45Par ailleurs, en ce qui concerne les informations d’histoire florentine que ces œuvres comportent, et de manière de plus en plus étoffée en passant du XIIe au XIIIe siècle, elles sont dues, le plus souvent, à un archétype, aujourd’hui perdu, allant de 1080 à 1280, que la plupart des chroniqueurs florentins jusqu’au XIVe siècle inclus ont utilisé. Dans ces Gesta Florentinorum, plus élaborés que les premières annales, la réalité est transfigurée par l’enthousiasme que soulèvent la conquête de l’autonomie et l’affirmation de puissance. Ainsi en va-t-il (pour n’évoquer que des œuvres qui peuvent offrir un nom d’auteur même si parfois on ne sait guère de lui que ce que le texte nous apprend) de la Storia fiorentina de Ricordano Malispini, de la Cronica delle cose d’Italia de Paolino Pieri, des Annali de Simone dalla Tosa, de la Nuova Cronica de Giovanni Villani, de la Cronaca fiorentina de Marchionne di Coppo Stefani.
46La tendance générale de l’historiographie florentine qui aboutira à l’œuvre imposante de Giovanni Villani, contemporain de Dino Compagni, est alors de rassembler, par compilation et enrichissement d’œuvres précédentes, le plus grand nombre possible d’informations.

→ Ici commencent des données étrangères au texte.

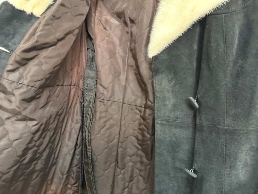 Diana Warren Ladies Black Suede Coat, with white mink collar and cuffs. Button fastening, side pockets. Approx. size 8/10.
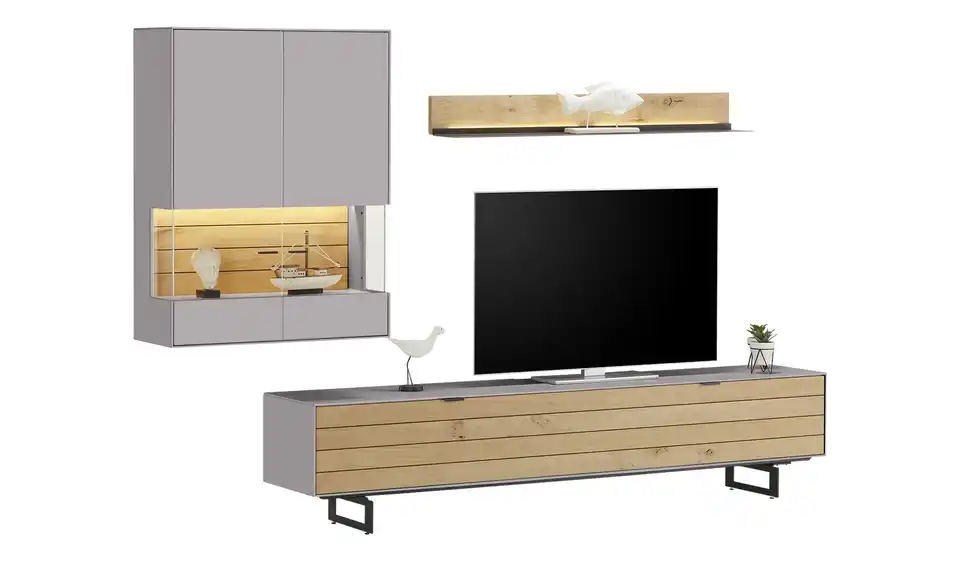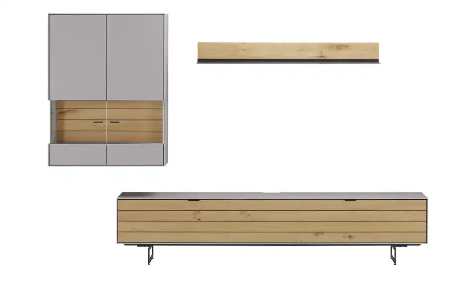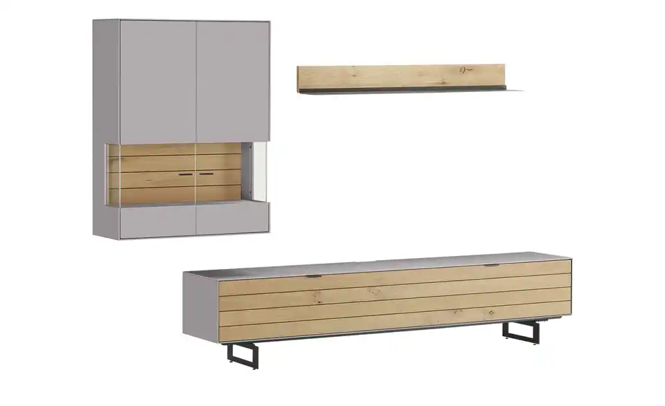 - nicht im Lieferumfang enthaltenLED-Beleuchtung, Zubehör und Rückwand-Akzent in Balkeneiche für Hängevitrine (separat erhältlich)
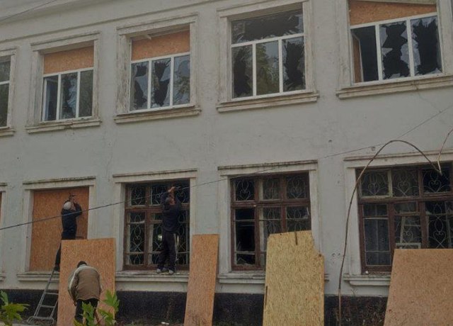 Изуродованы магазины и торговые павильоны, кафе, парикмахерская, пятиэтажка, автомобили.
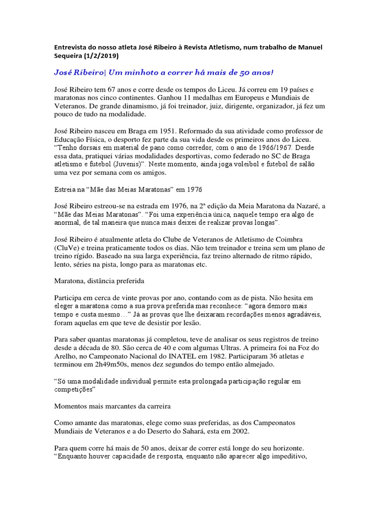 maratonas nos cinco continentes. Ganhou 11 medalhas em Europeus e Mundiais de
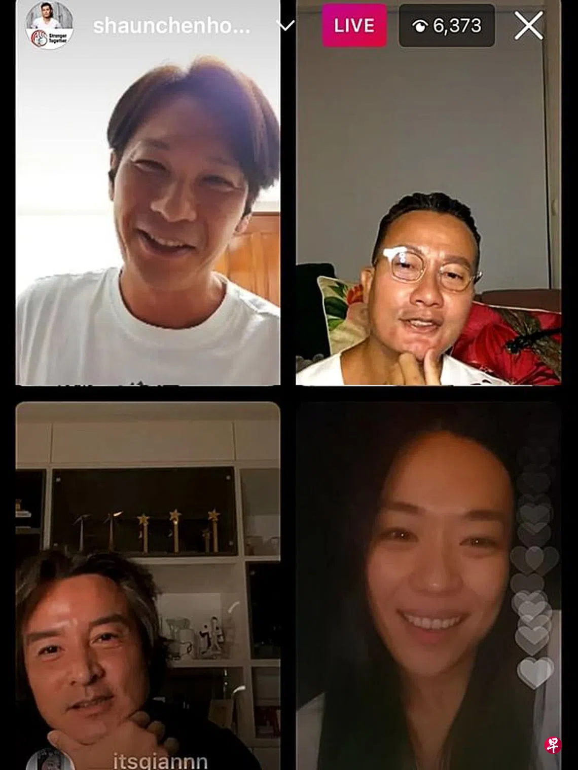 本地阿哥李铭顺和视帝陈汉玮、陈泓宇和张耀栋临时组“顺李陈张”,昨午发图文预告晚上于IG直播连线,四人昨晚9时半首次于IG“合体”畅聊3小时,直至凌晨12时半才下线;期间曹国辉、苏梽诚和DJ粉樱即兴露脸,姚懿珊、张钧淯等艺人上线“围观”,林慧玲在陈汉玮等“千呼万唤”之下过了午夜惊喜连线,视后的大驾光临一度让观看直播的人数冲破6300呢!
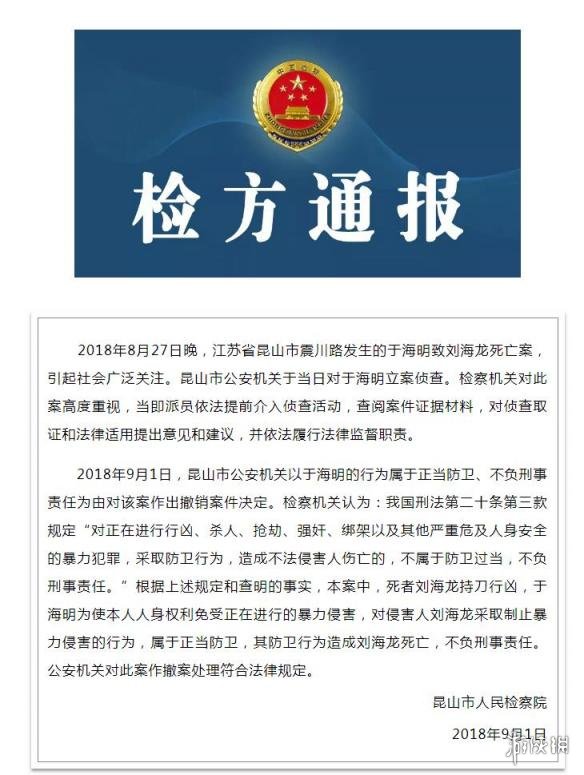 昆山市人民檢察院和昆山市公安局對(duì)昆山反殺案發(fā)布通報(bào)
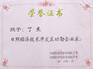 ·2016年1月,日照經(jīng)濟技術(shù)開發(fā)區(qū)授予丁杰董事長“日照經(jīng)濟技術(shù)開發(fā)區(qū)功勛企業(yè)家”稱號。
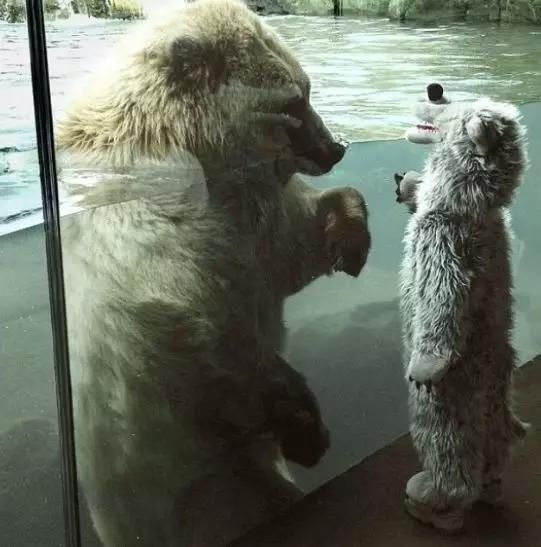 一个失去幼崽的北极熊妈妈和一个扮演北极熊幼崽的孩子正互相看着对方(我编造了失去幼崽的故事)
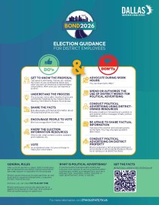 Texas election laws prohibit Dallas ISD staff from using public resources for electioneering or political advertising. Advocating for or against the bond on district time, property or using district resources, such as email, is strictly prohibited. Please take a moment to familiarize yourself with this guidance regarding the 2026 bond election.
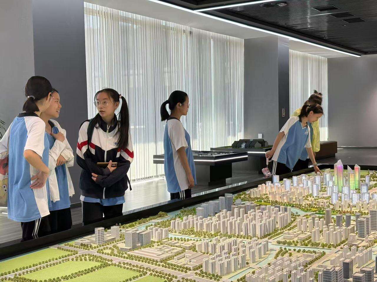 在“城市规划”展区,巨大的沙盘模型让同学们眼前一亮:古城保护区内,鲁迅故里、沈园等历史建筑原貌留存;新城片区,高楼林立的科创园区与四通八达的轨道交通勾勒出未来图景。“大家快看,我找到我们建功中学了!”一位同学指着沙盘兴奋地说。
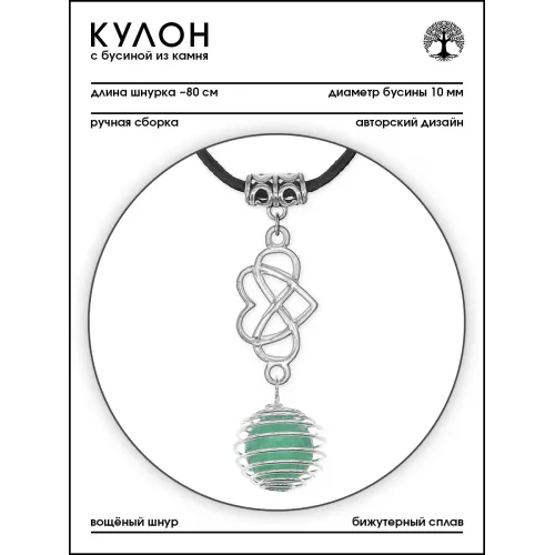 Размеры и комплектация: Диаметр нефритовой бусины — 10 мм. Комплектуется вощёным шнурком длиной около 80 см. Упаковка — прозрачный пакет.
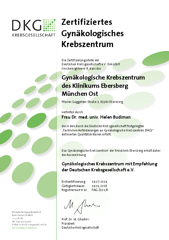 Das Gynäkologische Krebszentrum des Klinikum Ebersberg München Ost, zertifiziert durch OnkoZert gemäß den Richtlinien der Deutschen Krebsgesellschaft, bietet eine umfassende und interdisziplinäre Versorgung für Patientinnen mit gynäkologisch-onkologischen Krankheitsbildern.
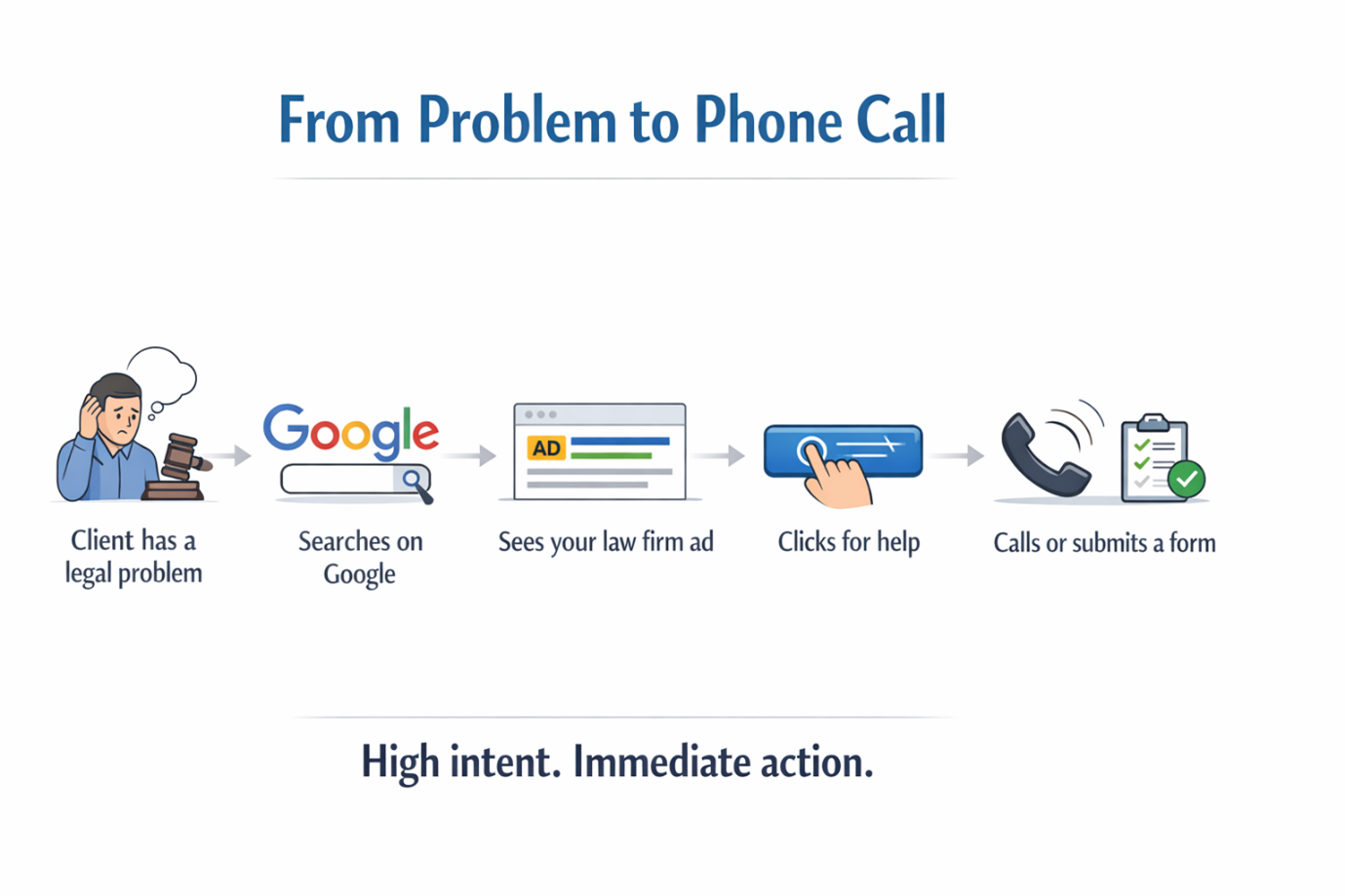 Google Ads work best for urgent or private legal needs. These cases often start with online searches.
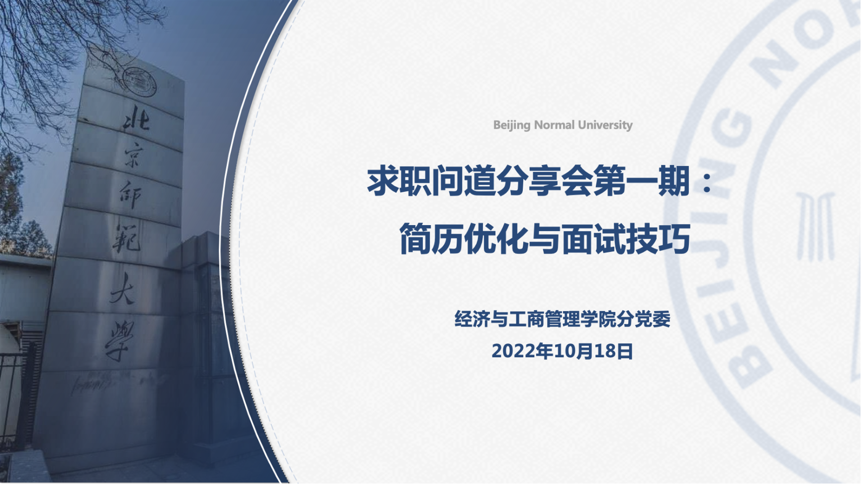 2022年10月18日晚,經(jīng)管學院求職問道系列講座第一期以“簡歷優(yōu)化與面試技巧”為主題,順利舉辦,我院本碩博學生共計128人參加了此次分享會。本次講座由李論老師主持,分享嘉賓為具有16年人力資源從業(yè)經(jīng)驗的馬燕女士。本次分享會旨在幫助應屆畢業(yè)生更好地掌握求職環(huán)節(jié)的基本技能與目標方向,啟發(fā)非應屆畢業(yè)生做好職業(yè)生涯規(guī)劃。

Qu’il s’agisse d’informations de nature proprement historique, ou bien de récits légendaires lorsque les premières font défaut. Les œuvres tendent ainsi à constituer une histoire organique de Florence, empreinte de fierté communale, visant à totaliser la somme des expériences antérieures, et répondant à la volonté de conserver une mémoire, qui prend les couleurs d’une épopée citadine et permet de forger une identité collective. Et c’est dans un tel ensemble que la tranche d’histoire, très délimitée et très orientée, que propose l’œuvre de Dino Compagni, trouve sa spécificité et son originalité.